Art Theft: The Most Intriguing and Famous Cases in History



Art theft is an ancient and complicated criminal activity. When you take a look at the some of the most famous cases of art thefts in history, you see completely prepared operations that include art dealerships, art fakers, mobsters, ransoms, and countless dollars. Here you can check out about some of the most well-known cases of art theft in the history.

The First Theft:
The very first documented case of art theft was in 1473, when 2 panels of altarpiece of the Last Judgment by the Dutch painter Hans Memling were taken. While the triptych was being transferred by ship from the Netherlands to Florence, the ship was attacked by pirates who took it to the Gdansk cathedral in Poland. Nowadays, the piece is shown at the National Museum in Gdansk where it was just recently moved from the Basilica of the Assumption.

One Of The Most Famous Theft:
The most popular story of art theft includes one of the most well-known paintings on the planet and among the most popular artists in history as a suspect.

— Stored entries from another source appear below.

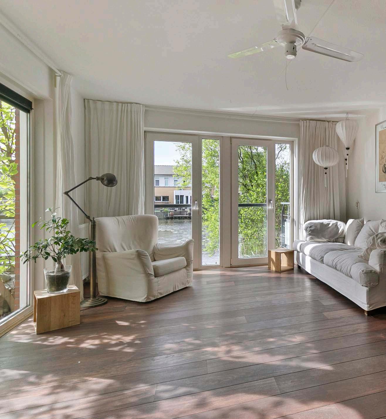 De woonkamer heeft ramen tot aan de vloer, dus vanaf de bank kijken naar waterlelies, eenden, zwanen en soms een ijsvogeltje. Uitbouw woonkamer is mogelijk, fundering is aanwezig.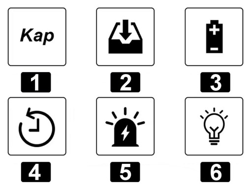 - Wskaźnik alarmu niskiego napięcia.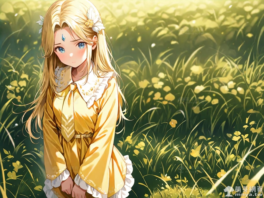 提詞文字:(masterpiece), (high quality), (high score), (great score), (year 2020), (kawaii), (loli), (photorealistic:0.1), 1girl, solo, (kikuri \(touhou\):1.2), touhou, __posture__, long hair, curtained hair, blonde hair, hair ornament, blue eyes, collared shirt, forehead jewel, frilled shirt collar, frilled sleeves, frills, long sleeves, necktie, yellow necktie, shirt, yellow shirt, dress, yellow dress, wide sleeves, medium breasts, breasts, cowboy shot, __looking__, __expression__, __background__.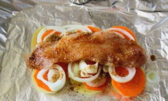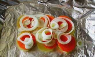 Spreid vier stukken folie uit op een bakplaat. In elk verspreiden we aardappelen, wortelen en uien, in dunne plakjes gesneden.

In the night of August 21, 1911, the Mona Lisa was stolen from the Louver. Soon after, Pablo Picasso was jailed and questioned by the police, however was launched rapidly.

It took about two years until the mystery was resolved by the Parisian cops. It turned out that the 30 × 21 inch painting was taken by one of the museum staff members by the name of Vincenzo Peruggia, who simply brought it concealed under his coat. Nevertheless, Peruggia did not work alone. The criminal activity was carefully performed by a notorious bilker, Eduardo de Valfierno, who was sent out by an art faker who intended to make copies and offer them as if they were the original painting.

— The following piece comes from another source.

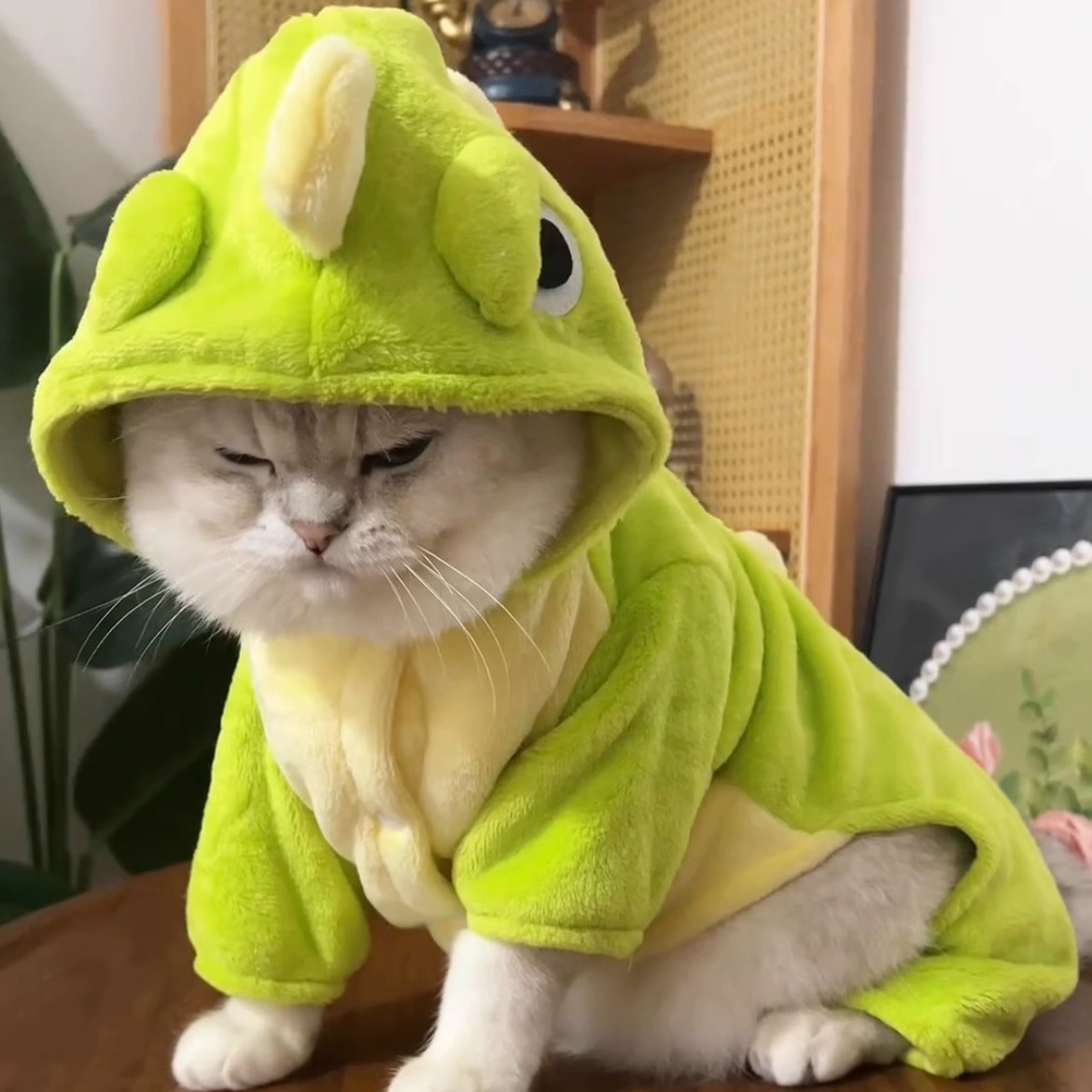 猫咪衣服秋冬恐龙变身装保暖连帽四脚衣银渐层布偶小型犬可爱服饰

While Yves Chaudron, the art faker, was hectic producing copies for the well-known work of art, Mona Lisa was still hidden at Peruggias apartment or condo. Eventually, Peruggia was captured by the police while attempting to sell the painting to an art dealer from Florence, Italy.

The Biggest Theft in the U.S.A:
The biggest art theft in United States took place at the Isabella Stewart Gardner Museum. On the night of March 18, 1990, a group of thieves wearing police uniforms burglarized the museum and took thirteen paintings whose cumulative value was approximated at around 300 million dollars. The thieves took two paintings and one print by Rembrandt, and works of Vermeer, Manet, Degas, Govaert Flinck, along with a French and a Chinese artifact.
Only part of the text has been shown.